Then, even if a big work was done about types where we try to unify type of the expected value and type of the test, the type expected by the message still is weak (for many reasons). In other words, even if we can parse and process the decision tree, we still are able to fail when we print out messages (because we can not unify the type of the value and the expected type from the given message).

Finally, file does not describe any standards about the database and man pages are a bit obsolete according to what the file command do. For these reasons, it's hard to prove/and say that we have the same behavior than file. We try to be close to what it does, but in some edge cases, we can not ensure that we will produce the same result as file.

Also, we did not discovered everything from the given database.
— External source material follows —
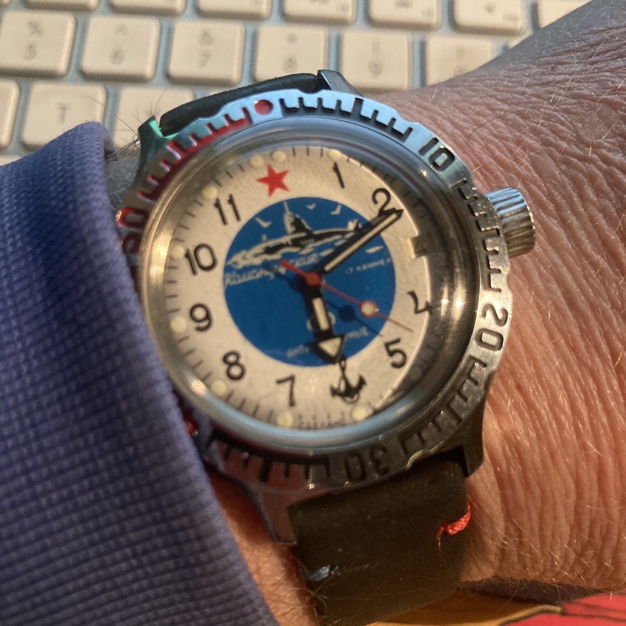 The strap I use here was made from shark skin by https://vgreenco.com/ --- very much recommended.

Even if we can parse and generate a decision tree from the database, some specific execution paths can lead to an unexpected failure. We are prompted to fix them step by step of course. Feel free to test and write an issue!

MirageOS support

The other goal of conan is to be able to integrate the database into an unikernel and to give an opportunity for an application (such as a web server) to recognize MIME types of files.

syscalls

As any MirageOS projects, conan abstracts required syscalls to introspect a file. In this way, conan.string exists and it is able to recognize the MIME type of a given string (instead of a file). lwt support exists too which manipulate a stream.

Database

conan is able to parse a database and serialize it as a full OCaml value. The distribution provides 2 databases:

  • the file's database
  • the previous database without extra paths which don't not tag the MIME type

The second is lighter than the first and should be used only to get the MIME type. Indeed, any information such as the size of the image or the bitrate of the sound are deleted.
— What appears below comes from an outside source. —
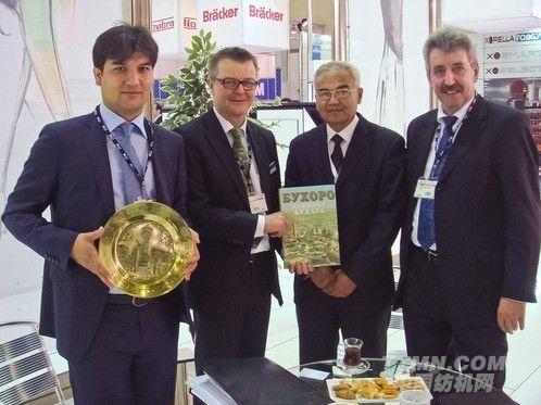 来自乌兹别克斯坦Guliston Tekstil Fayz Baraka有限公司的Gayrat A. Kurbanov将采用立达机器对其工厂进行现代化改造。从左至右:Alisher Razakov (Art纺织), Paul Binkert (立达), Gayrat A. Kurbanov (Guliston Tekstil Fayz Baraka有限公司), Jens-Uwe Bockhahn (立达)。

For instance, an unikernel for Solo5 with the ligher database is around 6 MB.

You can also build your own special database. If you know that you want to recognize only few objects, you can merge tree values for these objects and make a smaller database:

#require "conan-unix" ;;
#require "conan-database" ;;

let tree0 = Conan_compress.tree
let tree1 = Conan_ocaml.tree
let tree2 = Conan_audio.tree

let tree = List.fold_left Conan.Tree.merge Conan.tree.empty
  [ tree0; tree1; tree2 ]

let recognize_ocaml_or_archive_or_audio filename =
  Conan_unix.run_with_tree tree filename